6.3 Roots of Complex Numbers

I expect from (6.16) that every point $(\cos\theta,\sin\theta)$ in the unit circle has $n$th roots for all $n\in\mbox{{\bf Z}}_{\geq 1}$, and that in fact

$$\left(\cos\left({\theta\over n}\right)+i\sin\left({\theta\over n}\right)\right)^n=\cos\theta+i\sin\theta.$$

In particular, each vertex of the regular $n$-gon inscribed in the unit circle and having a vertex at $1$ will be an $n$th root of $1$.

6.17   Exercise. The figure below shows the seventeen points $${ \left\{\left( \cos {{2\pi j}\over {17}}+i\sin {{2\pi j}\over {17}}\right)\colon 0\leq j<17\right\}}$$.

Let $${w=\left(\cos {{4\pi}\over {17}}+i\sin {{4\pi}\over {17}}\right)}$$ and $${u=\left(\cos{{10\pi}\over {17}}+i\sin {{10\pi}\over {17}}\right)}$$. Draw the polygons $1$-$w$-$w^2$-$\cdots$-$w^{17}$ and $1$-$u$-$u^2$-$\cdots$-$u^{17}$ on different sets of axes, (i.e. draw segments connecting $1$ to $w$, $w$ to $w^2$, $\cdots$, $w^{16}$ to $w^{17}$, and segnents joining $1$ to $u$, $\cdots$, $u^{16}$ to $u^{17}$.)

6.18   Exercise. The sixth roots of $1$ are the vertices of a regular hexagon having one vertex at $1$. Find these numbers (by geometry or trigonometry) in terms of rational numbers or square roots of rational numbers, and verify by direct calculation that all of them do, in fact, have sixth power equal to $1$.

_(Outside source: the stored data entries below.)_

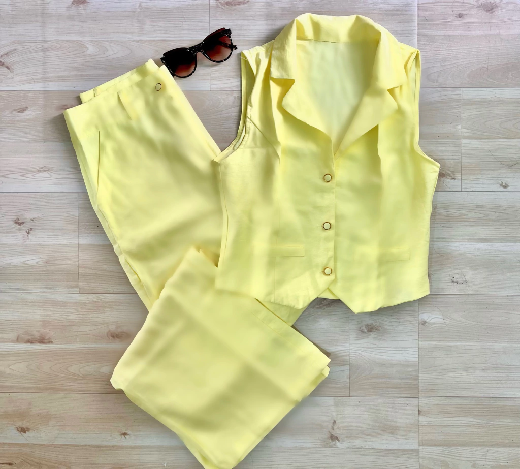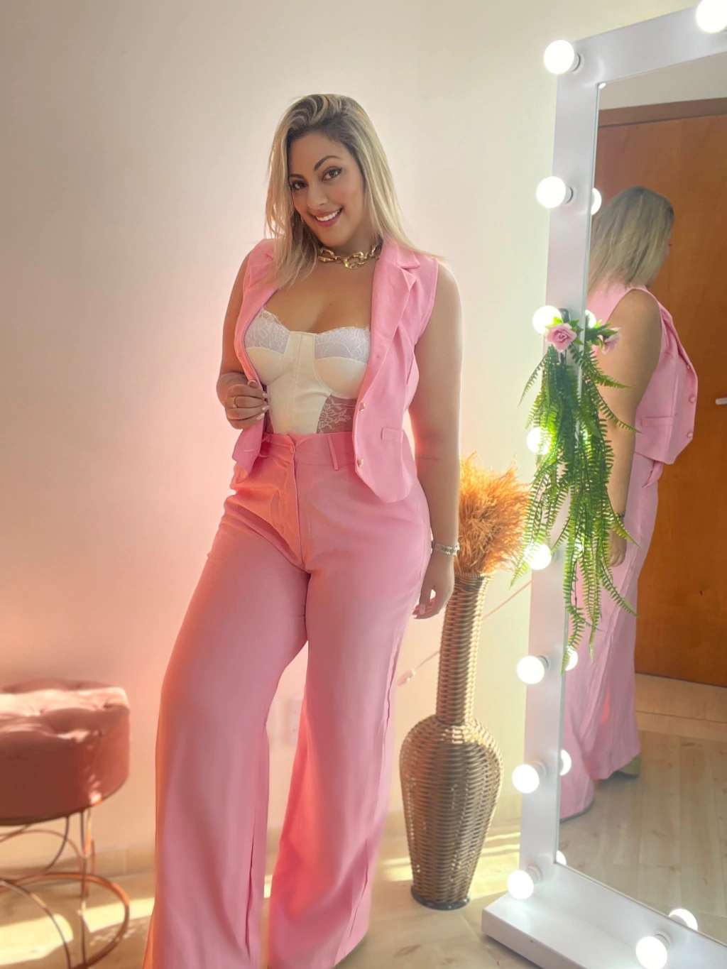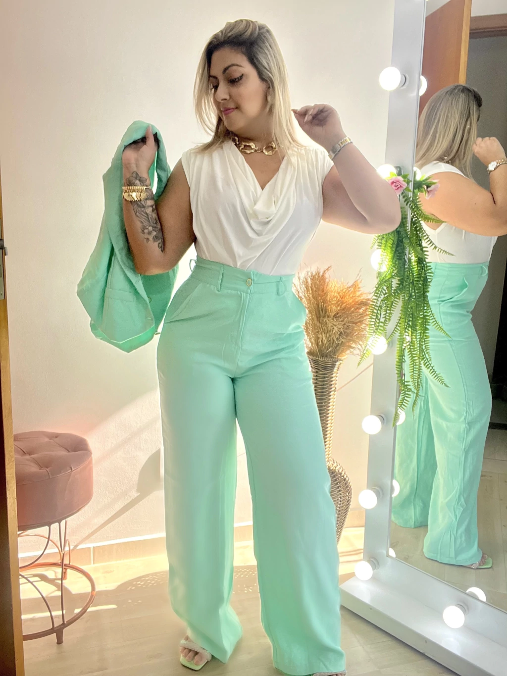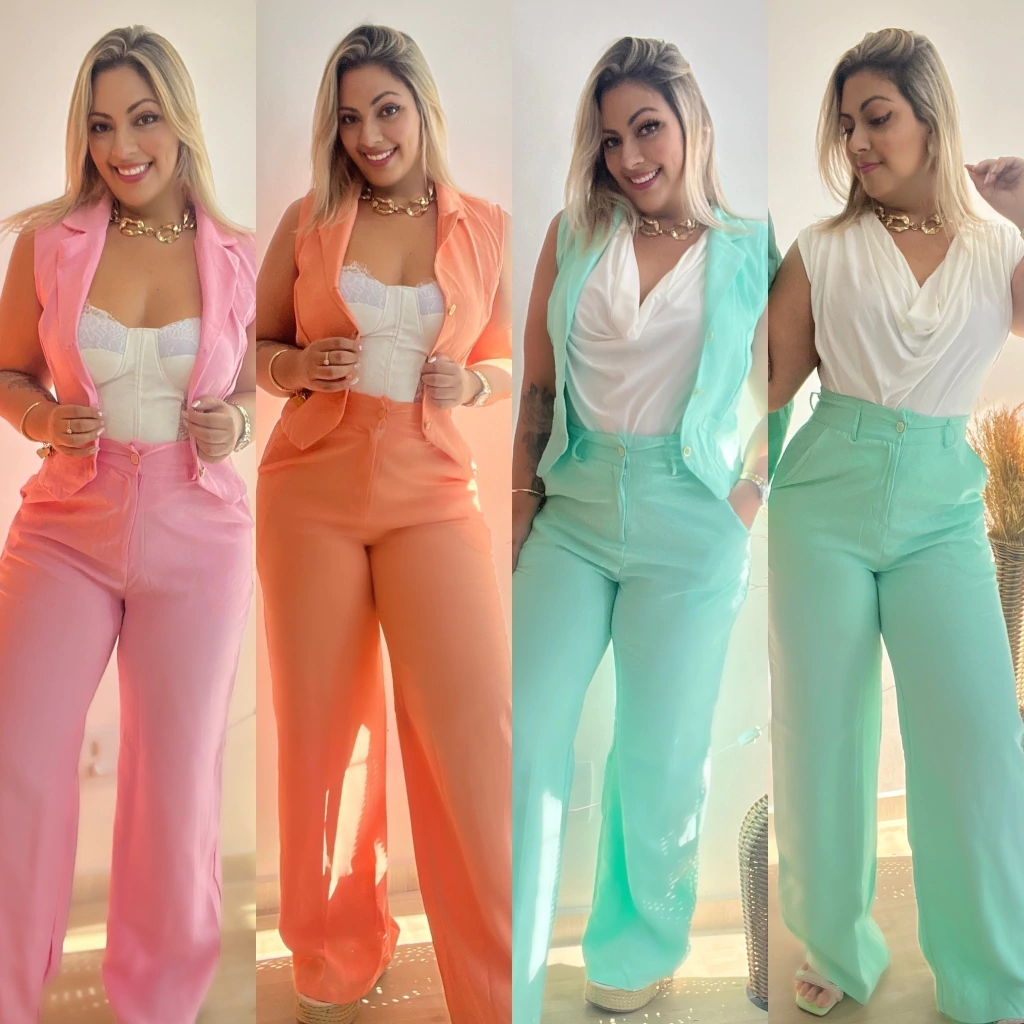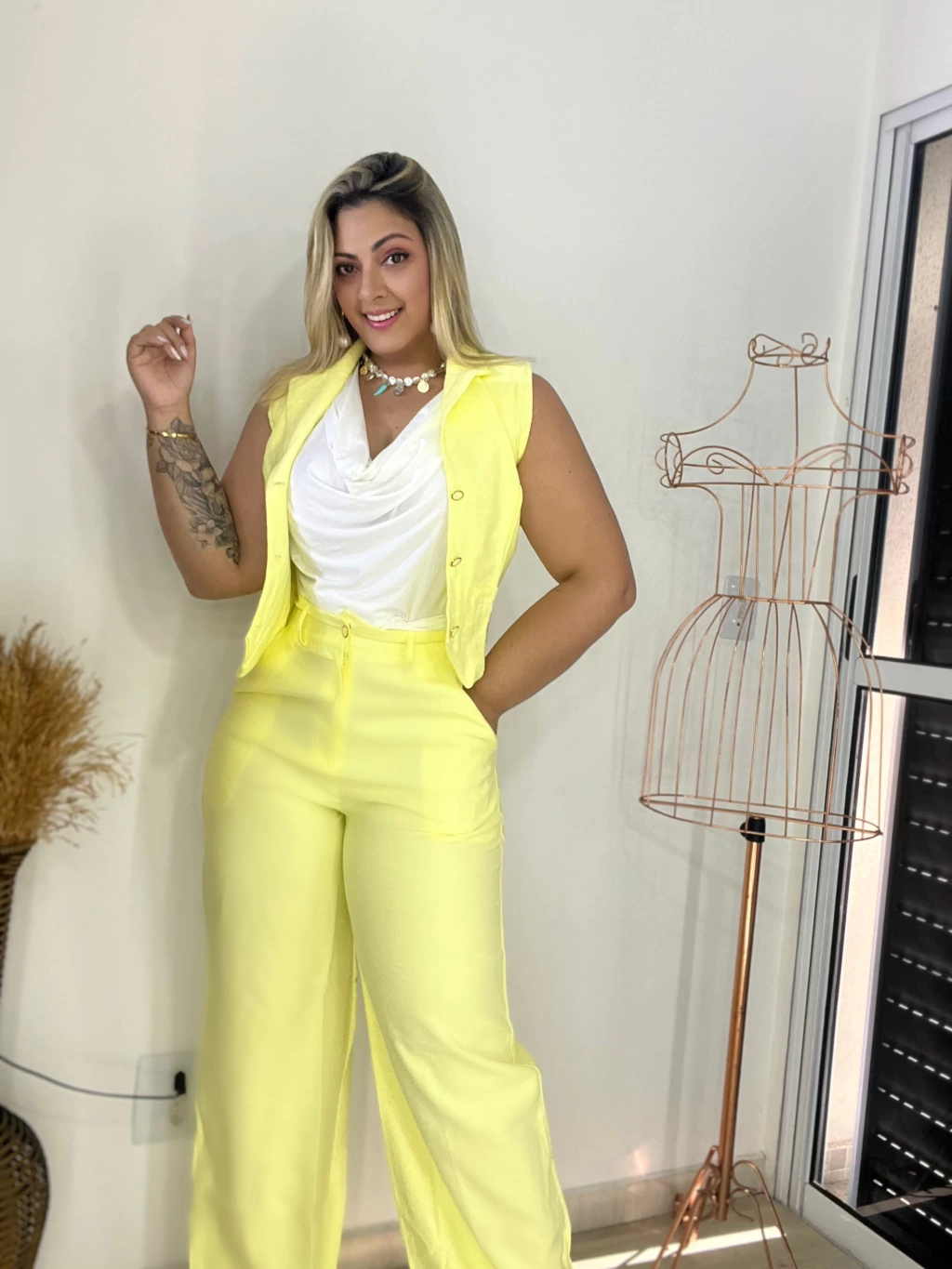 Conjunto em tecido linho composto de calça e colete, com botões no mesmo tom encapados e com contorno em dourado, elegância e estilo em um único conjunto!
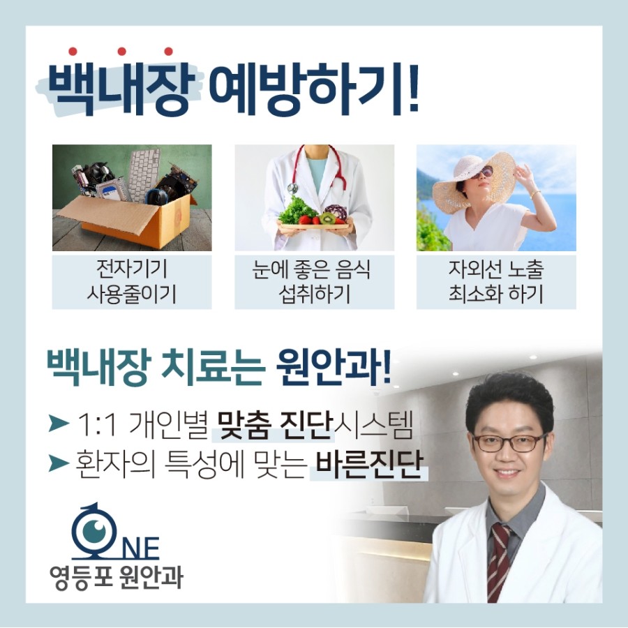 재발이 아닌 간단한 레이저 시술로 회복이 가능합니다.백내장을 예방하는 방법은?먼저, 스마트폰, 컴퓨터와 같은 전자기기를 사용하는 시간을 줄이는 것이 필요합니다.
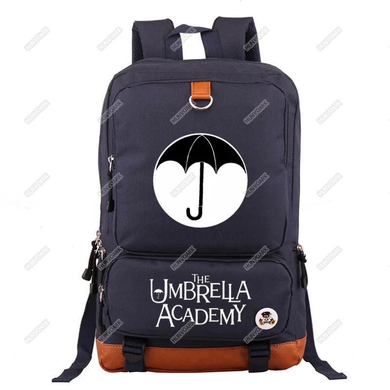 This canvas backpack inspired by the Umbrella Academy is perfect for men and women. It features a big school bag design with military-style elements.
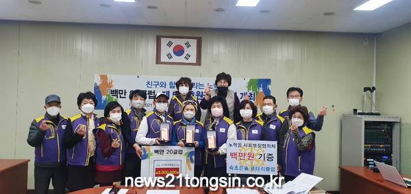 노학동지역사회보장협의체(민간위원장 신오일, 공공위원장 노성호) 16일 오후 2시 노학동행정복지센터에서「백만 20클럽」제5차 후원금(3백만원) 전달식을 개최하였다.
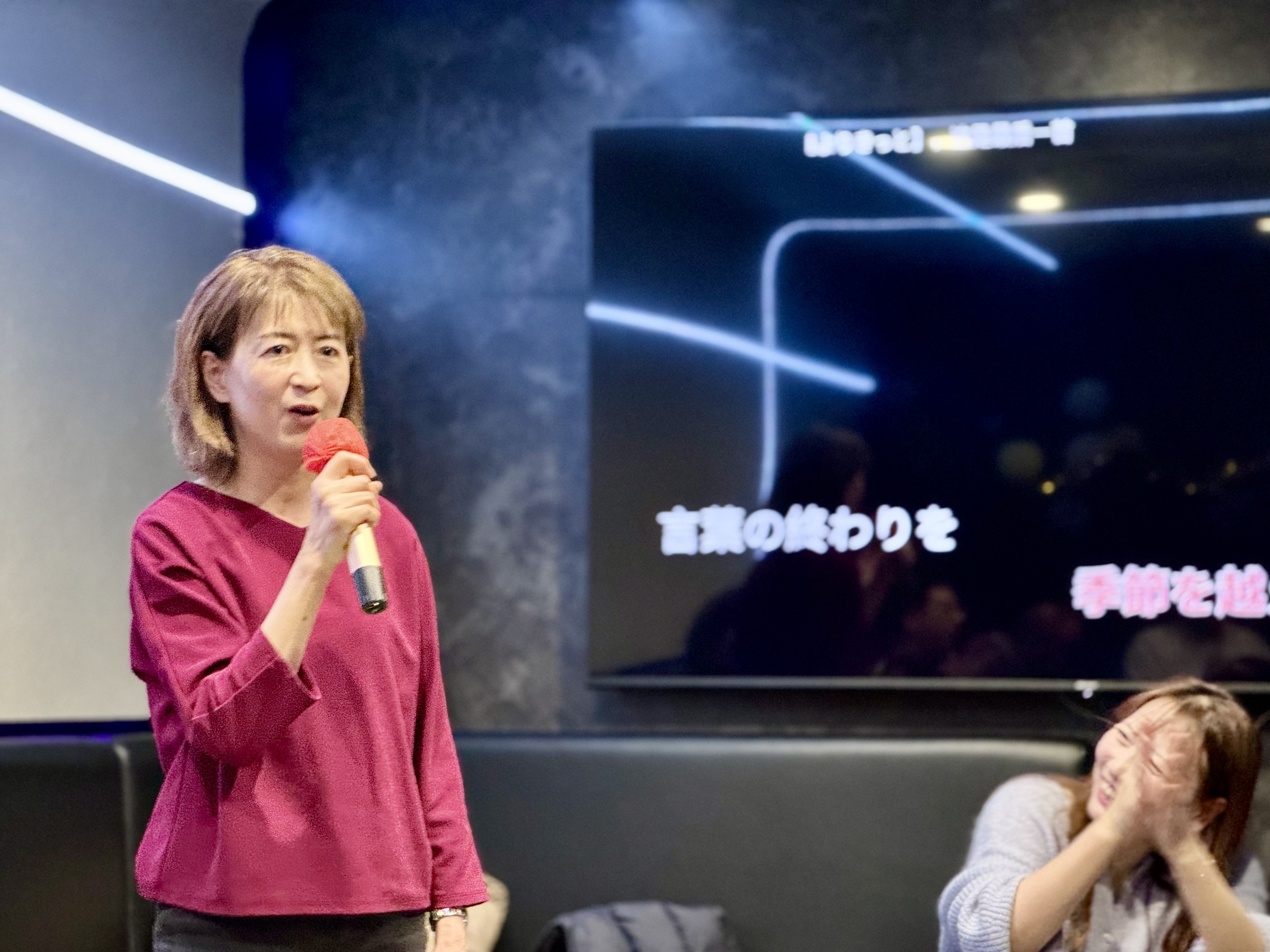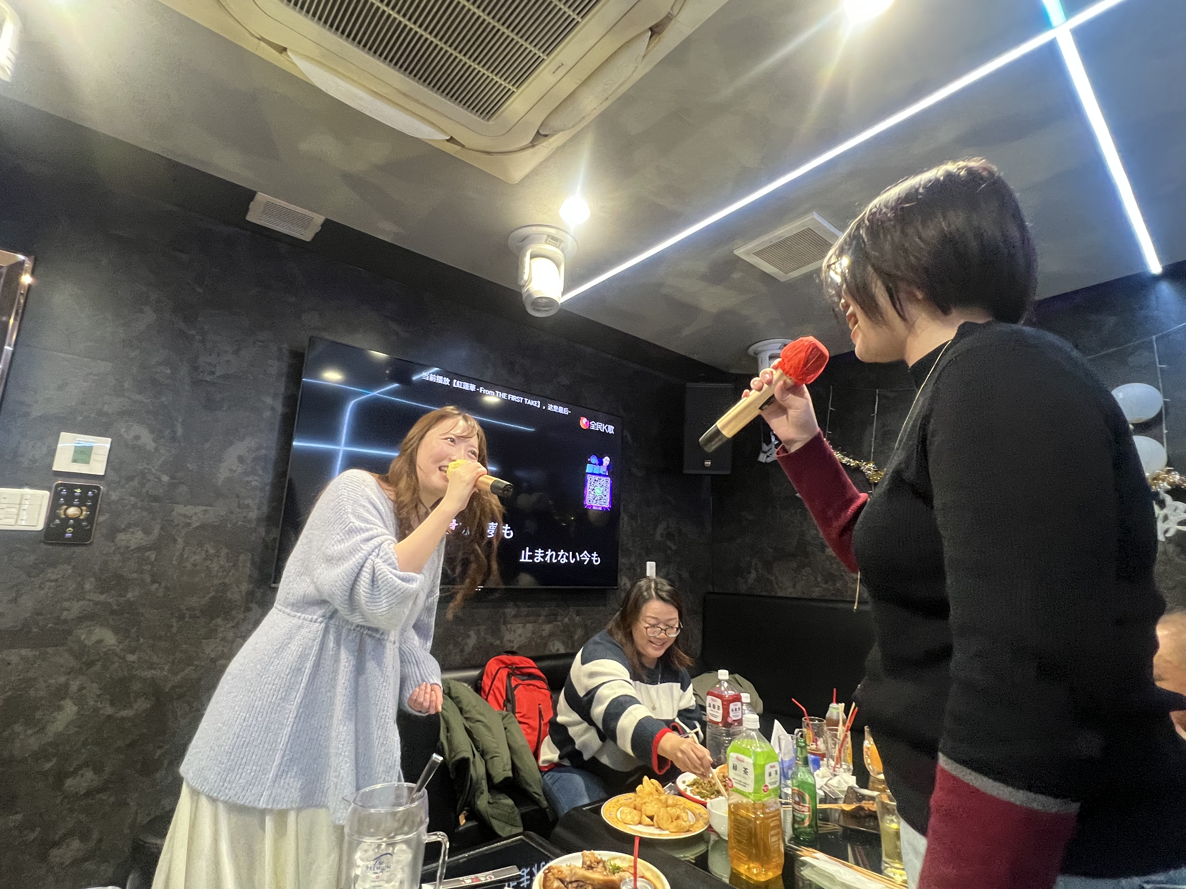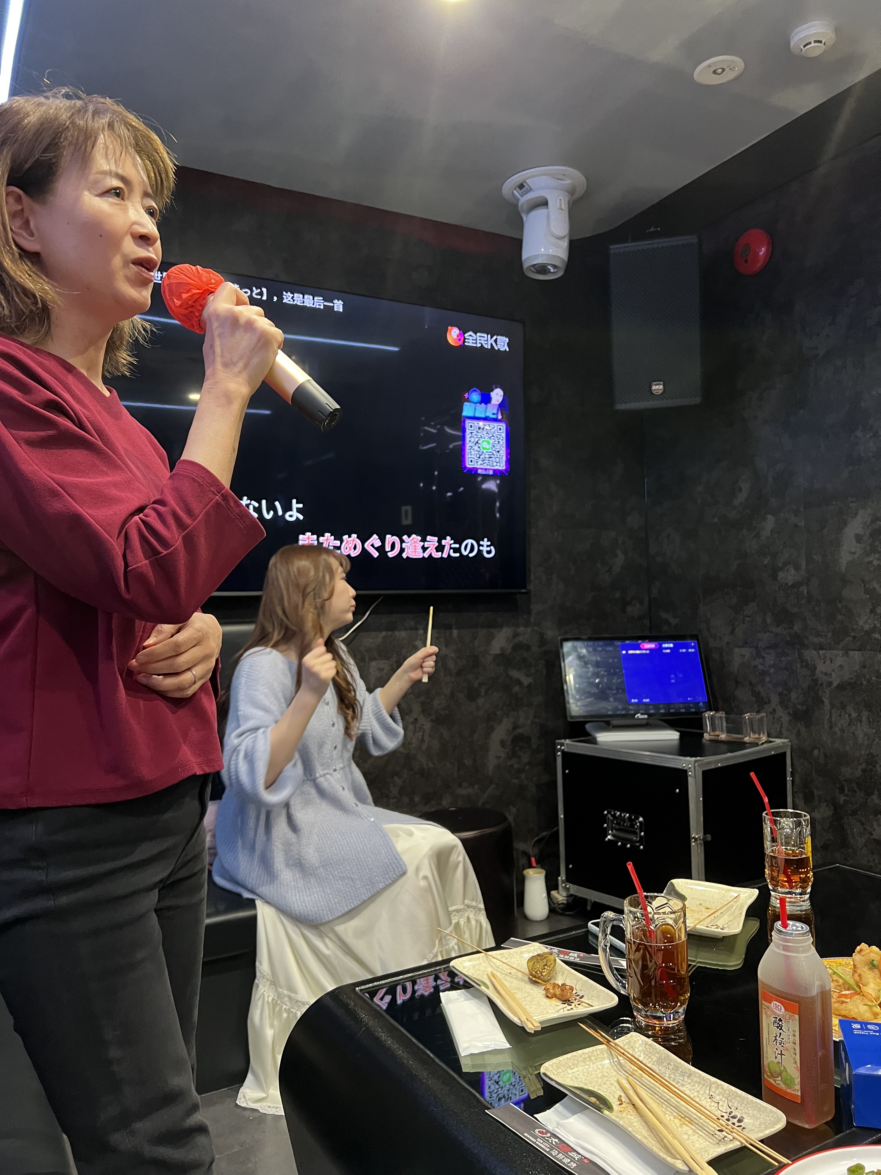 歌が苦手だという魏老師やI先生がおしゃべりで盛り上がっている間、私たちスタッフも数曲歌わせていただきましたよ。

6.19   Theorem (Polar decomposition.)Let $z\in\mbox{{\bf C}}\backslash\{0\}$. Then we can write $z=ru$ where $r\in\mbox{${\mbox{{\bf R}}}^{+}$}$ and $u\in C(0,1)$. In fact this representation is unique, and

$$r=\vert z\vert,\qquad u={z\over {\vert z\vert}}.$$

I will call the representation

$$z=ru \mbox{ where } r\in\mbox{${\mbox{{\bf R}}}^{+}$},\; u\in C(0,1)$$

the polar decomposition of $z$, and I'll call $r$ the length of $z$, and I'll call $u$ the direction of $z$.

Proof: If $z=ru$ where $r\in\mbox{${\mbox{{\bf R}}}^{+}$}$ and $\vert u\vert=1$, then we have

$$\vert z\vert=\vert ru\vert=\vert r\vert\;\vert u\vert=r\cdot 1=r.$$

This shows that $r=\vert z\vert$, and it then follows that $${u={z\over r}={z\over {\vert z\vert}}}$$. Since $${\left\vert {z\over {\vert z\vert}}\right\vert}$$ $${={\vert z\vert\over {\vert\vert z\vert\vert}}}$$ $=1$, we see $${ {z\over {\vert z\vert}}\in C(0,1)}$$ and $${z=\vert z\vert\left( {z\over {\vert z\vert}}\right)}$$ gives the desired decomposition. $\mid\!\mid\!\mid$

6.20   Notation (Direction.) I will refer to any number in $C(0,1)$ as a direction.

6.21   Example. The polar decomposition for $-1+i$ is

$$\begin{eqnarray*} (-1+i)&=&\vert-1+i\vert\left( {{-1+i}\over {\vert-1+i\vert}}\r... ... &=&\sqrt 2\left(-{1\over {\sqrt 2}}+{i\over {\sqrt 2}}\right). \end{eqnarray*}$$

I recognize from trigonometry that $${\left(-{1\over {\sqrt 2}}+{i\over {\sqrt 2}}\right)=\left(\cos {{3\pi}\over 4}+i\sin{{3\pi}\over 4}\right)}$$.

6.22   Remark. Let $z,w\in\mbox{{\bf C}}\backslash\{0\}$. Let $z=ru$ and $w=sv$ be the polar decompositions of $z,w$, respectively, so $r,s\in\mbox{${\mbox{{\bf R}}}^{+}$}; u,v\in C(0,1)$. Then $zw=rusv=(rs)(uv)$ where $rs\in\mbox{${\mbox{{\bf R}}}^{+}$}$ and $uv\in C(0,1)$. Hence we have

length of product $=$ product of lengths

and

direction of product $=$ product of directions.